Take a sheet of paper and apply whatever product you wish to use as resist. A good place to start is with something that is soft, spreadable and sticky – thick honey, syrup or mustard. Coat the paper completely, or just partially, as you wish. Then place the paper into either the developer or fixer tray, again it doesn’t matter which. Let the paper soak for an arbitrary amount of time. If desired, physically rub away at the resist a little, or just let the chemicals slowly dissolve it. Then take the paper out of the tray and put it in the plain water tray to wash off chemicals. Once washed, put the paper into the other chemical, and again rub the resist if desired. Repeat this, switching between the developer and fixer each time. Either continue until all the resist has gone away, or stop sooner and just wash the remaining resist off the paper. When all resist has gone, put the paper into the fixer for a final time.

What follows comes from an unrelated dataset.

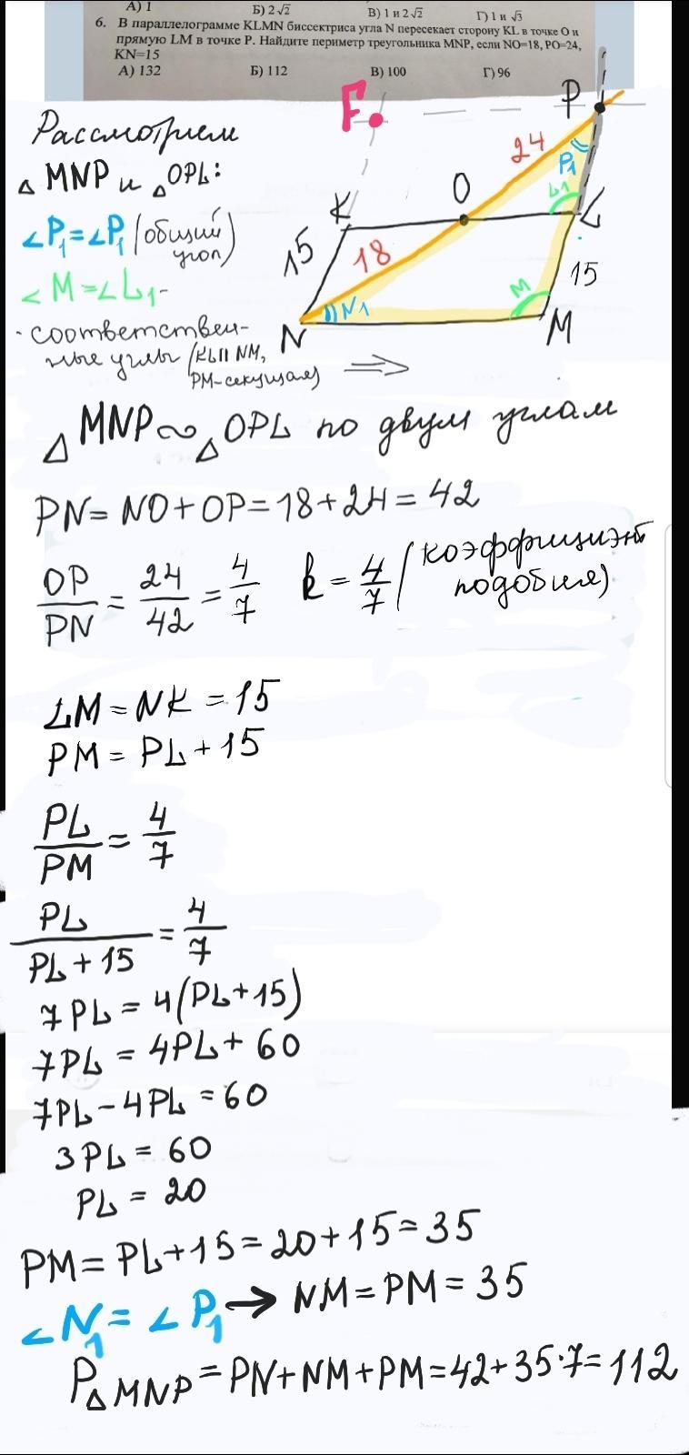 FPMN -параллелограмм,угол N = углу Р,т.к противоположные углы параллелограмма равны,а биссектрисса делит их пополам,значит <N1=<P1 и треугольник МNP- равнобедренный,

With the final fix done, wash the print in a fresh bath of water for as long as is needed for the type of paper being used to remove all trace of chemicals.
A mentioned earlier, the process was pioneered by Pierre Cordier and he is still probably the most well known practitioner. There was a rare exhibition including some of his work at the Victoria & Albert museum in 2010/2011, for which there is an associated video worth watching online. For a range of articles looking at contemporary artists using the chemigram technique, the extensive nonfigurativephoto blog is worth reading.
The images in this posting are creative commons licensed chemigram works from a couple of flickr users. In the next blog posting I’ll present some of my own initial experiments with the chemigram technique.